К себе трудно критически относиться: и хвалить себя трудно - да и никчемушное это занятие, и ругать себя трудно - наверное, тоже ни к чему. Такой вот человек есть и все. Это Пушкин мог, закончив сочинение, поставив точку, пуститься вокруг стола с криком: "Ай, да Пушкин! Ай, да сукин сын!" Какой замечательный оттенок восторга! Он же не кричал, что он - гений!
Когда я делал картины, не мог отделаться от мысли, что сегодняшнюю жизнь и сегодняшних людей другой режиссер, более одаренный, более талантливый, но живущий через какое-то количество лет, не покажет так, как я, потому что я жил в этом времени, я его чувствовал, я его знаю. Я, живущий сегодня, про это время расскажу лучше, чем живущий завтра. И после, лет через двадцать, люди будут смотреть с удивлением на наши дела, на наши глупости, на наши радости.
Вспомните, в кинематограф пришли фронтовики, окончившие затем ВГИК, - и какие картины пошли про войну! С необыкновенной пронзительностью, с точностью каких-то деталей, каких-то непонятных тебе взаимоотношений, потому что они все это пережили сами, прошли эту войну, знали ее досконально и переложили свое знание сначала на бумагу, а затем на кинопленку. Ежов и Чухрай совсем молодыми людьми сделали "Балладу о солдате", Ростоцкий с Борисом Васильевым - "А зори здесь тихие", Боря Степанов с Быковым, который воевал от начала до конца, командовал "сорокапяткой" (пушки, которые выставлялись на самую что ни на есть передовую позицию), - "Альпийскую балладу". И так можно говорить о целом поколении великих художников, каждый из которых сделал свою картину о своей войне.
Дыхание времени: мы из него, и лучше нас, точнее нас никто о нем уже не расскажет. Другие ребята сделают про свое время, которое они хорошо знают.
В нынешнем времени мне не все понятно, более того, многое непонятно, но и оно, тем не менее, способно подвигнуть меня на создание картины: я же в нем живу, и я его предположительно знаю, по крайней мере, ощущаю. Но определенно я не делал бы картины с выяснением мафиозных взаимоотношений, насилием - нет, мне это неинтересно. Один взрослый актер сказал, что ему жалко молодых талантливых артистов, которые сейчас сплошь и рядом играют бандитов, потому что они "впускают в свою душу черноту", а этого делать не надо. Нашлись бы иные темы, но их нужно искать. На киностудии темы должны искать, прежде всего, режиссеры, и было бы прелестно, если бы в потоке книжного моря им помогали ориентироваться привлеченные на студию литераторы.

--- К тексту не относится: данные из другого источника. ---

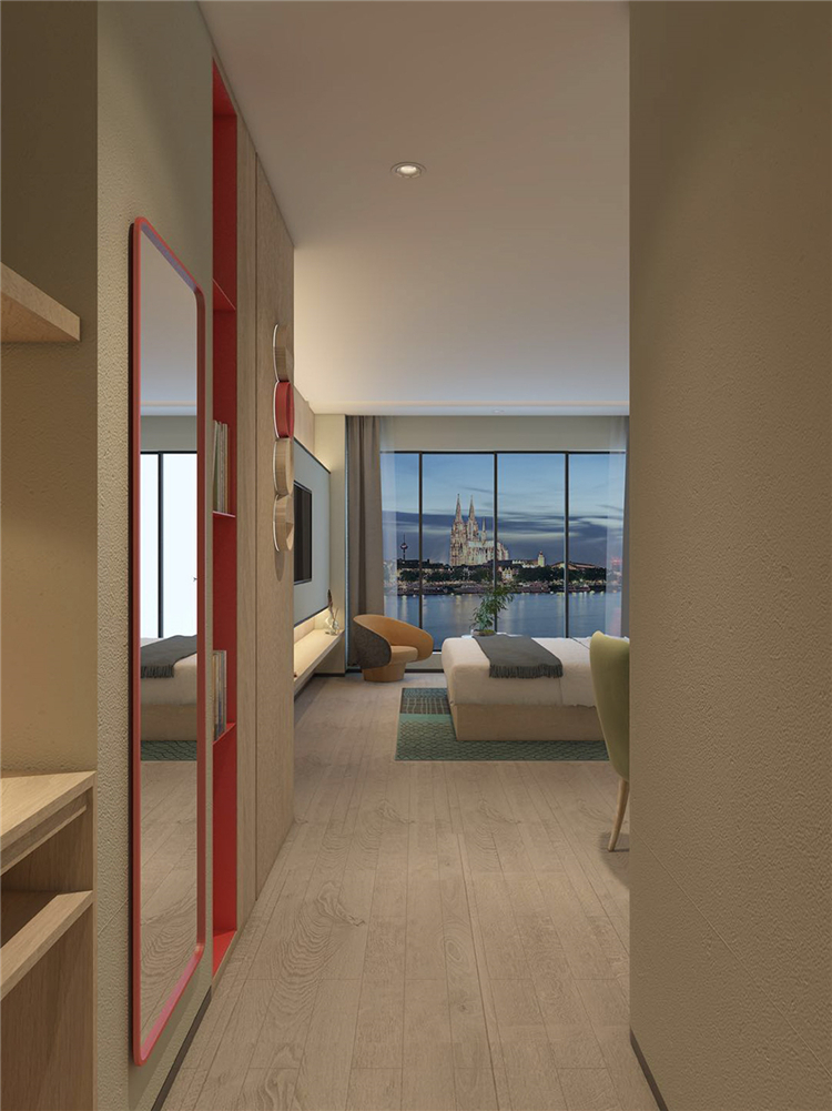 在功能的安排上人性化,為顧客帶來舒適的入住體驗與外立面相呼應,設計師在完整的用材體系上,增加了對比性明顯的色塊,高度提升了空間的趣味性和耐看度。

О действительности делать кино нужно, причем так, как делали свое дело рабы Рима: водопровод, сработанный ими, и сегодня восхищает человечество.

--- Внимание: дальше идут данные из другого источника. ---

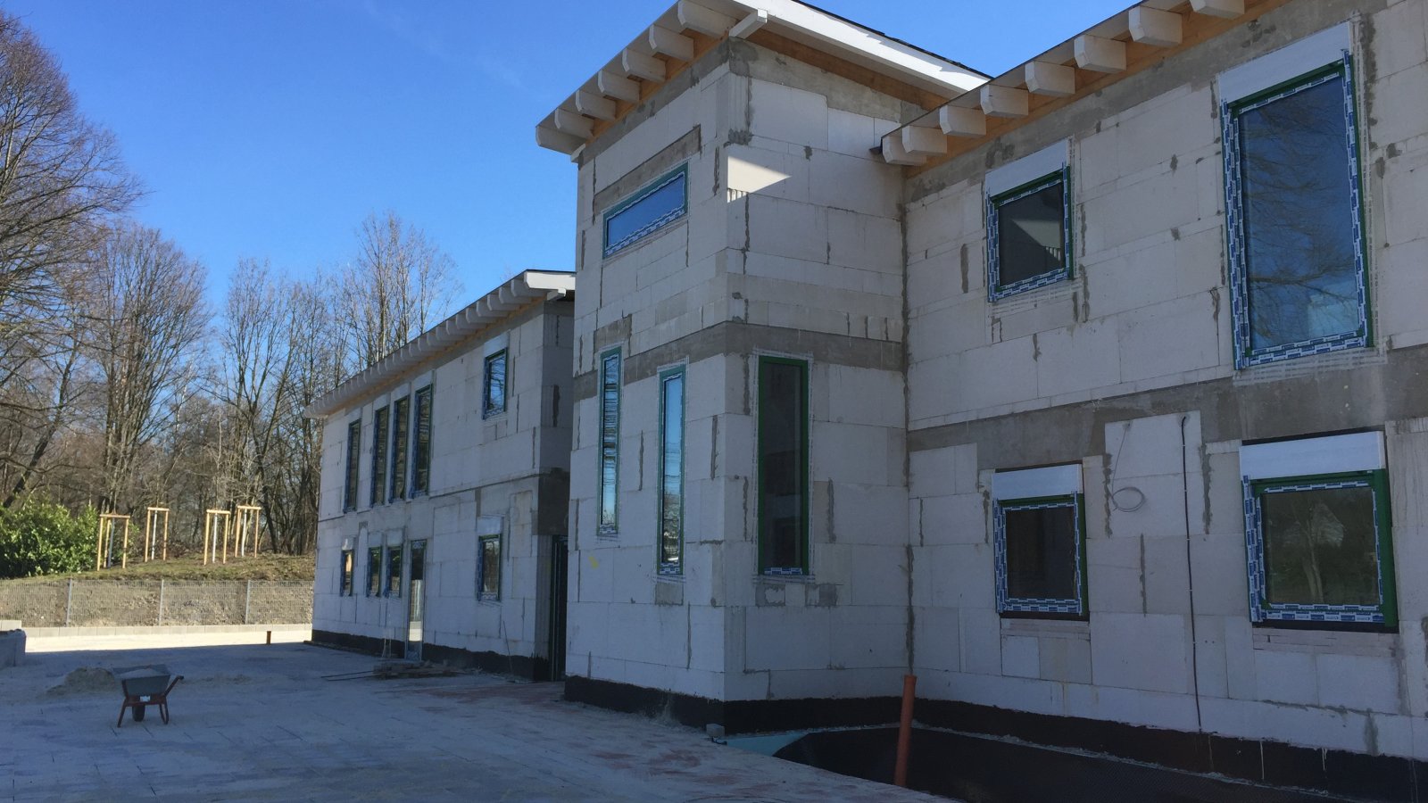 Bauarbeiten gehen bei strahlendem Sonnenschein gut voran

А когда мы пытаемся делать экранизацию чего-то из американской, английской жизни, нас ждет обычный провал, а мопассановская "Пышка", сделанная Роммом, или "Гамлет" Козинцева, который, насколько мне известно, много лет специально готовился к постановке, - это редкость и исключение. Так что молодые ребята должны бы делать картины о том, что они знают, - о здесь и сейчас, - имея классную драматургию. А потом, овладев уже ремеслом и мастерством, можно, если тебе это интересно, делать картину и про другую жизнь, да только я, например, если не знаю этой жизни, то боюсь, что не расскажу про нее достоверно.

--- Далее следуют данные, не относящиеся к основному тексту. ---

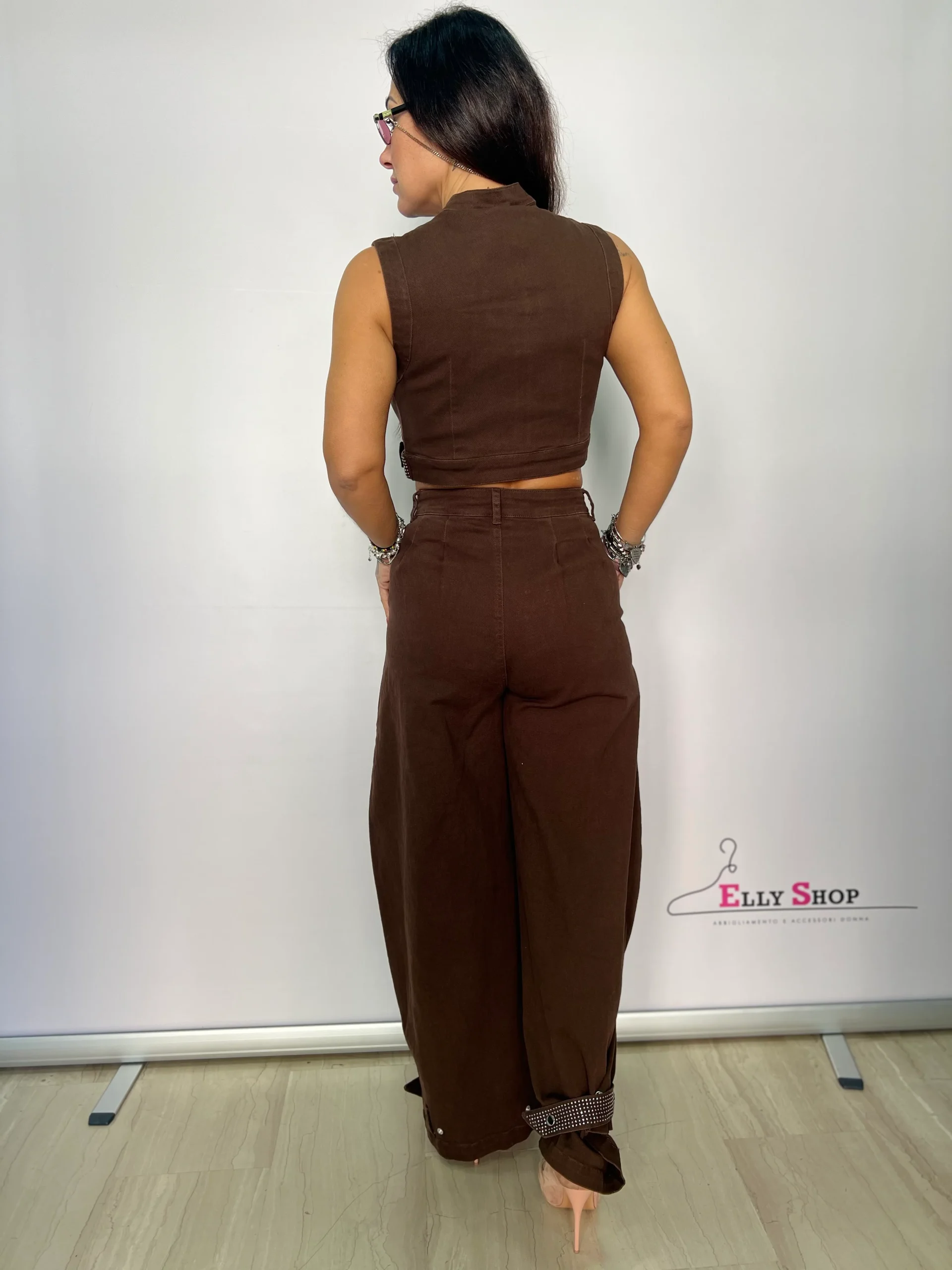 Completo donna dal carattere deciso e contemporaneo, composto da top crop smanicato con collo alto e cintura coordinata con fibbia gioiello, abbinato a pantalone palazzo a vita alta. Un outfit perfetto per chi ama distinguersi con uno stile grintoso ma raffinato. La linea ampia del pantalone slancia la figura mentre il top corto valorizza il punto vita, creando un equilibrio moderno e femminile. Ideale per aperitivi, serate ed eventi glamour. Disponibile nelle varianti bianco, marrone e denim chiaro.

Однажды мне задали вопрос: вам, как художнику, важнее, чтобы вас поняли современники или потомки?
Во-первых, над таким глобальным вопросом не думал, а во-вторых, вот представьте себе и решите за меня: делали вы картину, вкладывали в нее мысли, сердце, нервы, энергию, душу. Сделали наконец. Премьера - и пустой зал...
Конечно же, хочется, сделав картину, сейчас же показать ее, свежую, когда она еще вся живет в тебе, еще трясет тебя, колотит, когда она вся болит в тебе. Хочется выйти с этой картиной к публике и узнать, как к ней отнесутся люди. Если их тоже затрясет, если что-то заставит улыбнуться или всплакнуть, если я что-то новое рассказал про нашу жизнь, или зритель под другим углом посмотрел на нее, это означает, что работа прошла не зря.
Художнику иногда уготована очень грустная судьба - непринятие при жизни. Глядишь, после смерти приняли, стали восторгаться его сочинениями, как часто бывало, например, в музыке. Ну, что ж, такая судьба. Я знаю, что один писатель написал шестьсот романов, а человечество взяло один и с ним живет. Это Сервантес - "Дон Кихот".
Я себя вроде чувствую принятым. Приятно, когда хвалят твою картину, хорошо к ней относятся, когда происходят небывалые случаи, и в городе, где ты снимал, улица получает имя по названию твоей работы. Я не могу сказать, что это для меня безразлично, я горд этим.